There is a post-birth checklist to step through, so the notetaking began: time of birth, first standing, first nursing, dip the umbilical cord, etc. All of this while sitting on your hands as much as possible and observing from a distance, to allow bonding. Disa did good: got pregnant on the first breeding, and her delivery was "textbook" quick and clean.

This was Disa's third pregnancy and third daughter, all by the same gray champion herdsire, Aussie Rockford. Hence, we're considering the name "Trinity." She is of solid coloring, whereas her two older sisters are light/medium rose gray, with unique markings. [photo: Ladyhawke greets her little sister.]

Night temperatures are in the low 50s, and since crias do not regulate their body temp well the first week, I put a jacket on our new little girl. It's a toddler-size flannel one that I got at a thrift store and cut off the sleeves, buttoning along her back. She only needed it for the first couple of nights.

One Down, Two to Go
Windancer is a small-framed dam and it looks like she swallowed a watermelon. However, it was Fabia that birthed next, in 15 minutes from start to finish. Like Disa, she's a push-button dam: one breeding, quick delivery, and she knows what to do. This time Fabia was in the field (with Disa, her baby, and Windancer) -- they are so much happier there than being confined, stressed and nervous, in a pen away from their herd. I was watching through binoculars as she paused in her grazing and began pushing. Fabia lay down a couple of times, readjusting.

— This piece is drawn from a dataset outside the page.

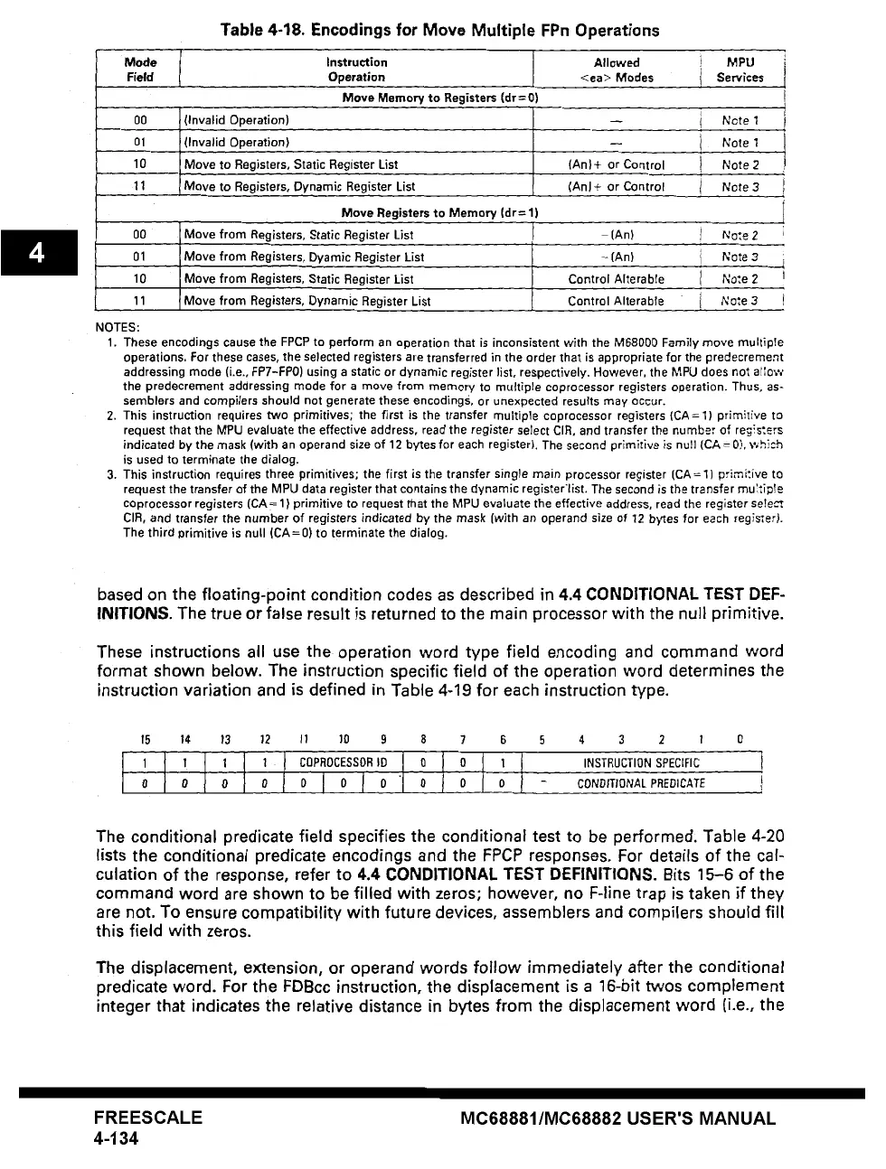 1. These encodings cause the FPCP to perform an operation that is inconsistent with the M68000 Family move multipTe
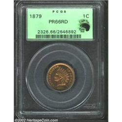 1879 1C PR66 Red PCGS. Eagle Eye Photo Seal. Snow-1. This is the scarcer variety that shows repunching on both the 8 and 9 in the date. The surfaces are bright and sparkling with even medium red color on each side. Although not designated as such, the devices are lightly frosted and display a mild cameo contrast on both obverse and reverse.From the "Newmismatist" Collection; the All-Time #1 PCGS Registry Set. Important notice: We expect to be auctioning lots at the rate of 200-250 per hour. Sometimes eBay Premier live bid software cannot keep up with that pace, so we strongly recommend that you place a realistic proxy bid now as insurance to avoid disappointment. Also please note that all Heritage/CAA lots purchased through eBay Premier carry a 20% Buyer's Premium. Please make sure you read the Terms and Conditions.

By the time I got out there with cria kit, towels, etc, the baby was on the ground, cushed (sitting upright). Only when she rolled to her side to stretch did I discover that we had another girl (!), and almost the identical color of Disa's cria. Again, the papa is Rockford, and Fabia is also gray, but their daughter (the 5th pairing of these two) is dark brown with black points. Wow, half-sisters and so very similar!

I took a lawn chair, clipboard with checklist, a knitting project and audio book out to the edge of the field to observe. This little girl is strong, too.

Thankfully we've had overcast days, so the sun has not been too hot for these dark little ones. I try to shoo them into the shade so they don't overheat, but the moms often have different ideas. Here, gray Fabia is checking on her daughter, with Disa (sitting) and her cria in the background; Windancer looks on just behind Fabia's head.

Name choices will be announced as soon as Windancer's cria births. She doesn't appear to be in any rush!


The photo of the "sun goddesses" was snapped the previous week. Pacas love to soak up rays, belly-side to sun. They can lay very still for many minutes, even the blackest alpaca on the hottest day.



Wednesday, May 20, 2009

Killdeer was here...*


They are still here, in fact.
*Poetic license taken for the grammatical lapse.

In the pasture behind the house, I noticed a few of the alpacas peering at something in the former burn pile. I got the binoculars and saw it was a bird flapping on the ground. Quickly, I moved the dams into the adjacent pasture and closed the gate, then went over to investigate. I found a ring of rocks with an egg in it. After about 15 minutes, the bird returned.

Before letting the girls into that pasture the next day, I checked again, and there were 2 eggs. Guess they hadn't scared the bird off after all. A couple of days later, there were 4 eggs. I placed a rusted coil nearby so I could sight it more easily from the porch.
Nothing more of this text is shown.